Executive Summary
For the last decade, breakthroughs in artificial intelligence (AI) have come like clockwork, driven to a significant extent by an exponentially growing demand for computing power ("compute" for short). One of the largest models, released in 2020, used 600,000 times more computing power than the noteworthy 2012 model that first popularized deep learning.
Key Insight: Deep learning will soon face a slowdown in its ability to consume ever more compute for at least three reasons: (1) training is expensive; (2) there is a limited supply of AI chips; and (3) training extremely large models generates traffic jams across many processors that are difficult to manage.

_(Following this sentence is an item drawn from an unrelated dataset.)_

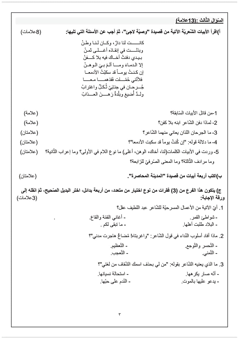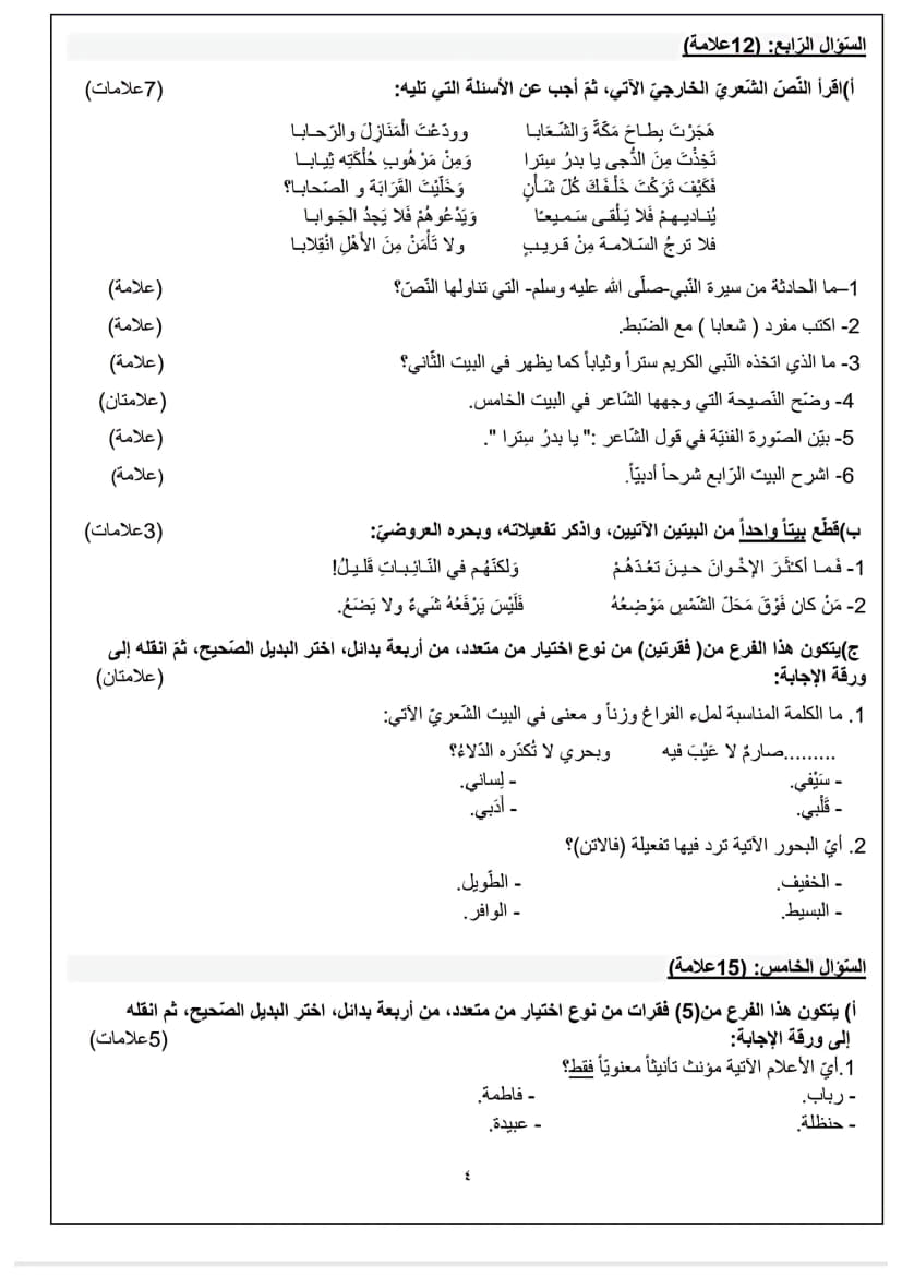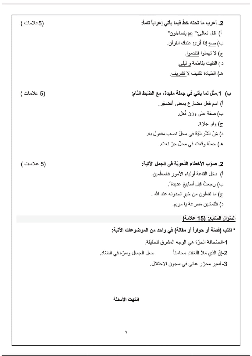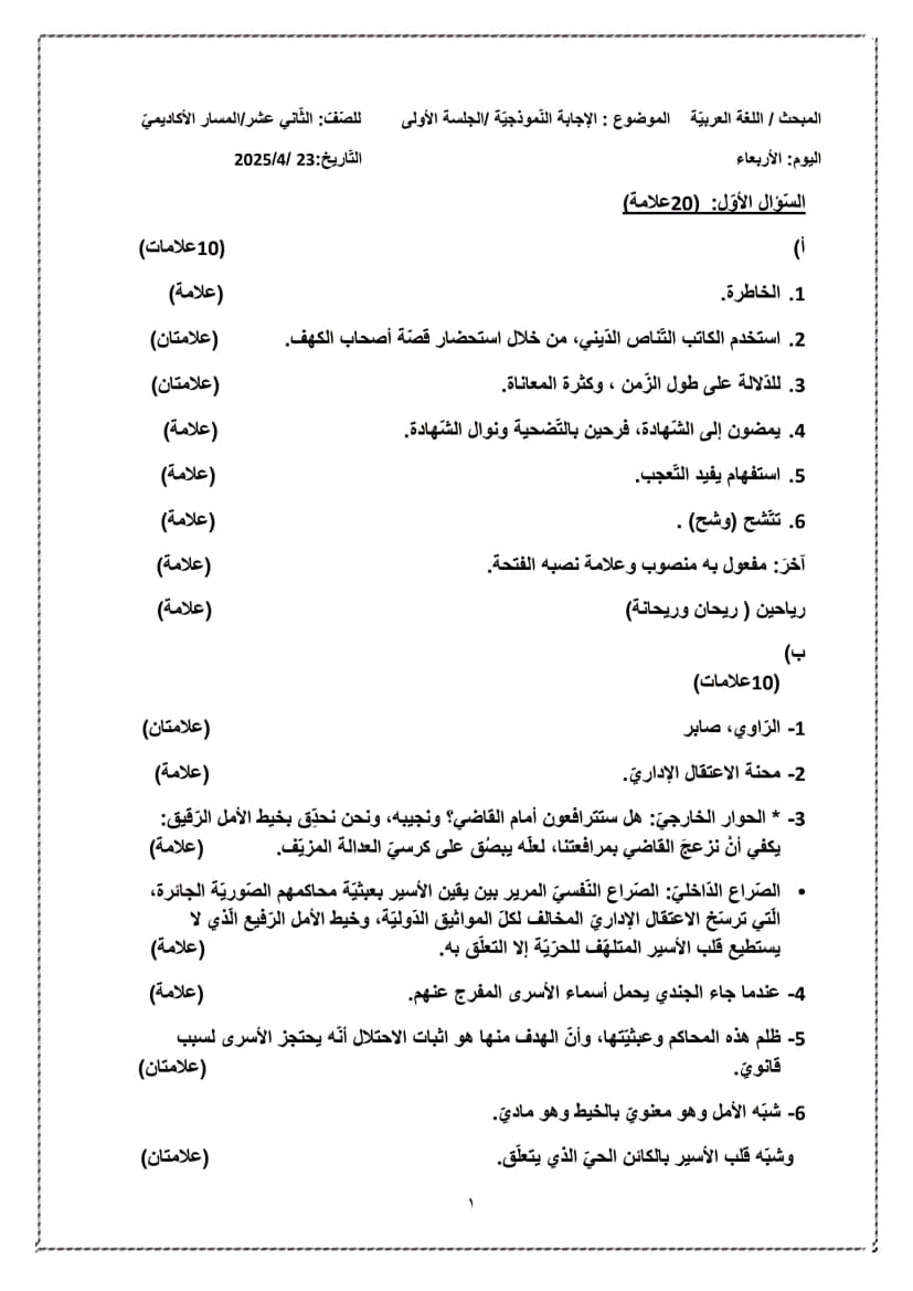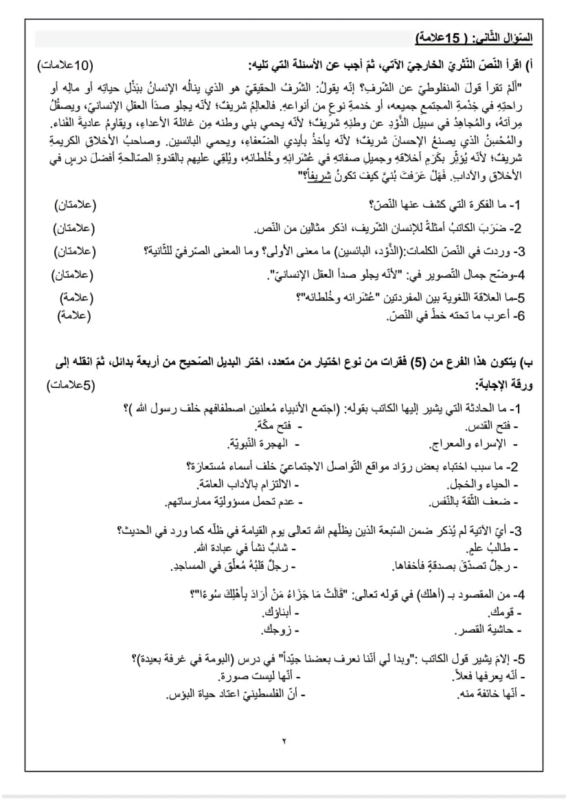 امتحان تجريبي اللغة العربية الورقة الأولى توجيهي 2025 (جنوب الخليل)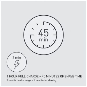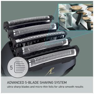 Um barbear incrivelmente rente lâminas internas de aço inoxidável, precisão afiada a 30 graus agudos e sistema de barbear de lâmina externa trabalham para levantar, capturar e cortar barbas grossas e densas com facilidade.

Progress towards increasingly powerful and generalizable AI is still possible, but it will require a partial re-orientation away from the dominant strategy of the past decade—more compute—towards other approaches.
Key Data Points
Key Insights Summary
Compute Growth Is Unsustainable
The current growth rate for training the most compute-intensive models cannot be sustained. We estimate that the absolute upper limit of this trend's viability is at most a few years away, and the slowdown may have already begun.
Three Major Constraints
Deep learning faces three major constraints: exploding training costs, limited supply of AI chips, and parallelization bottlenecks that create "traffic jams" across processors.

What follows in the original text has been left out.